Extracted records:
BEGIN

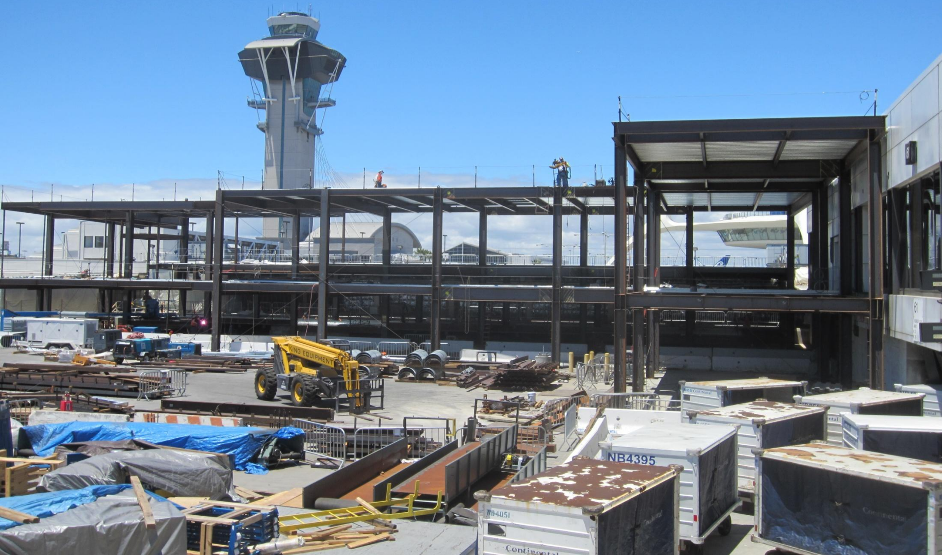
New screening and security checkpoint area under construction at Terminal 6. (June 6, 2011)
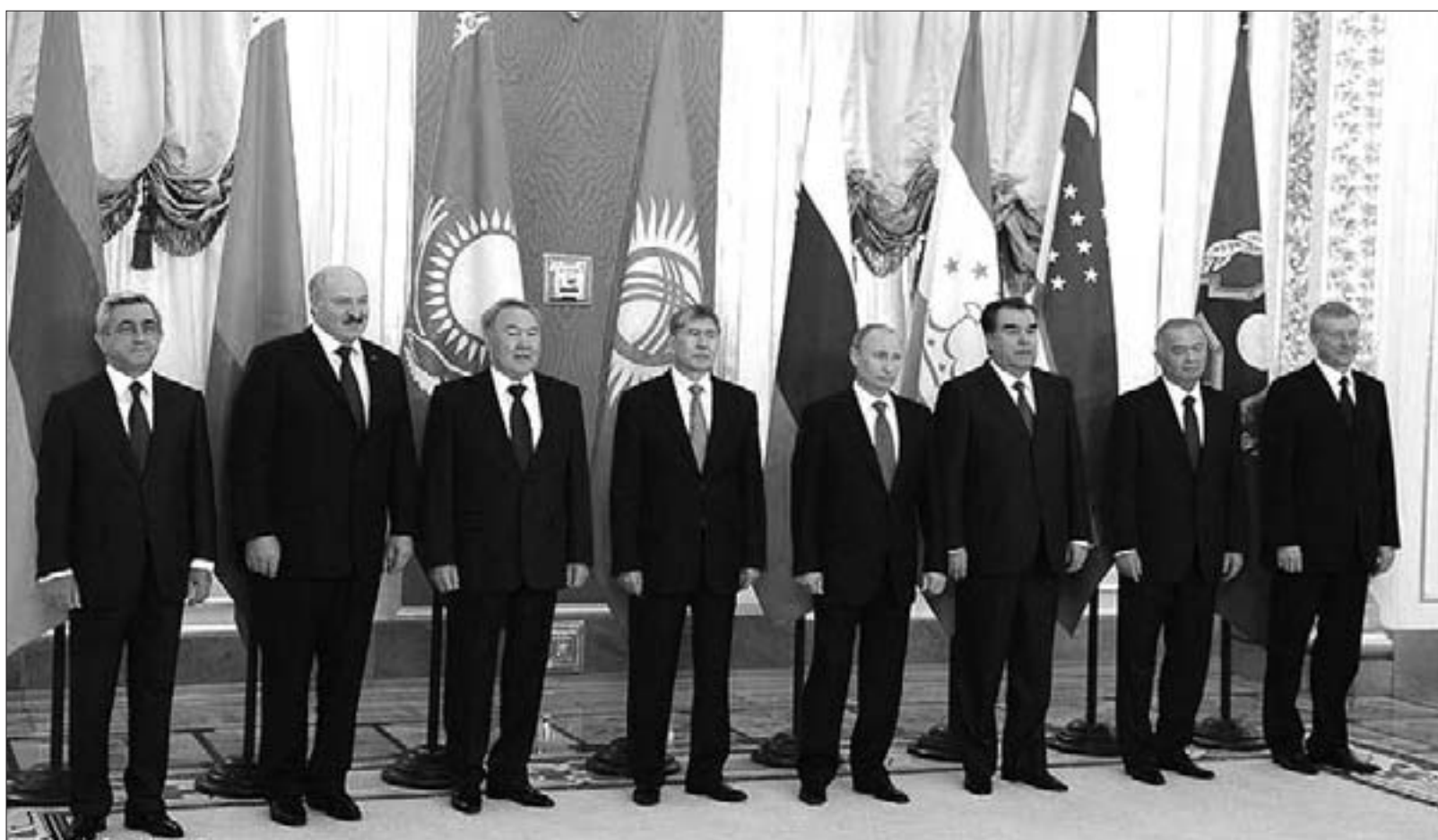
Serzh Sargsyan participates at the jubilee session of the CSTO Collective Security Council
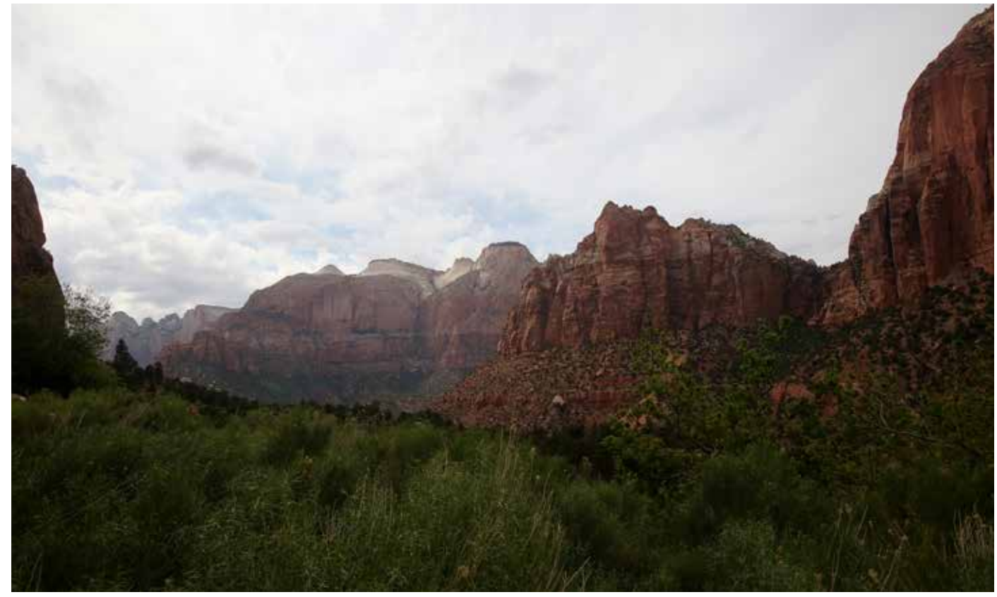
Long view, Zion National Park
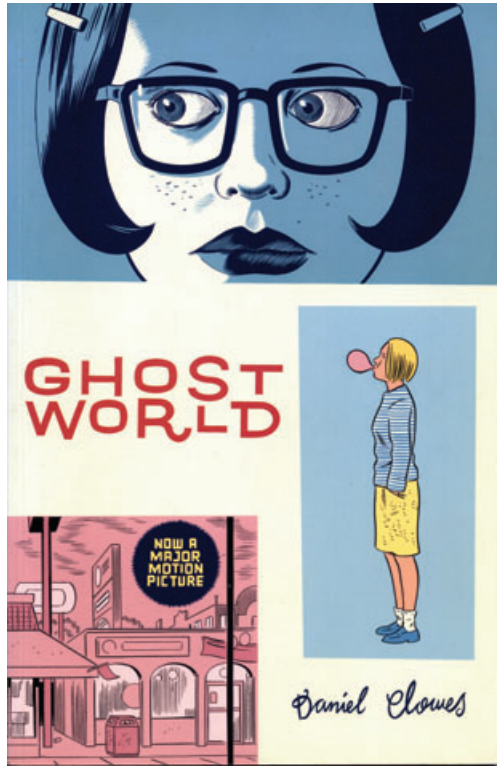
FIGURE 3. Cover of Ghost World comic (Clowes 1997).

Much of Clowes's work revolves around broad critiques of contemporary popular aesthetics and consumerism, foregrounding the alienation of everyday life in late capitalism. He parodies record collectors and other “knowledgeable” consumers as overgrown teenagers who cannot break free from their love–hate relationship with the commodity form of media. In Ghost World , Enid is first drawn to pop culture nostalgia in a distanced manner, but her ironic treatment morphs into appreciation. Her gleeful disgust for the weird trashy excess of media circulation blends into genuine admiration for some sort of truth offered by these objects of consumer overflow. 5 In Clowes's comix, those who become conscious of the absurdity of their surroundings are pushed into the margins by their own isolated recognition. In this America, everyone—at least everyone paying attention—is a fringe dweller. In creating the film for Ghost World , Clowes says,
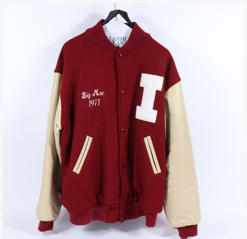
1971 George McGinnis Indiana University letter jacket.

END

◆ **EXERCISE INSTRUCTIONS**
Would you set down the entries exactly as given, minus their pictures?

◆ **ANSWER SPACE**
New screening and security checkpoint area under construction at Terminal 6. (June 6, 2011)
Serzh Sargsyan participates at the jubilee session of the CSTO Collective Security Council
Long view, Zion National Park
FIGURE 3. Cover of Ghost World comic (Clowes 1997).

Much of Clowes's work revolves around broad critiques of contemporary popular aesthetics and consumerism, foregrounding the alienation of everyday life in late capitalism. He parodies record collectors and other “knowledgeable” consumers as overgrown teenagers who cannot break free from their love–hate relationship with the commodity form of media. In Ghost World , Enid is first drawn to pop culture nostalgia in a distanced manner, but her ironic treatment morphs into appreciation. Her gleeful disgust for the weird trashy excess of media circulation blends into genuine admiration for some sort of truth offered by these objects of consumer overflow. 5 In Clowes's comix, those who become conscious of the absurdity of their surroundings are pushed into the margins by their own isolated recognition. In this America, everyone—at least everyone paying attention—is a fringe dweller. In creating the film for Ghost World , Clowes says,
1971 George McGinnis Indiana University letter jacket.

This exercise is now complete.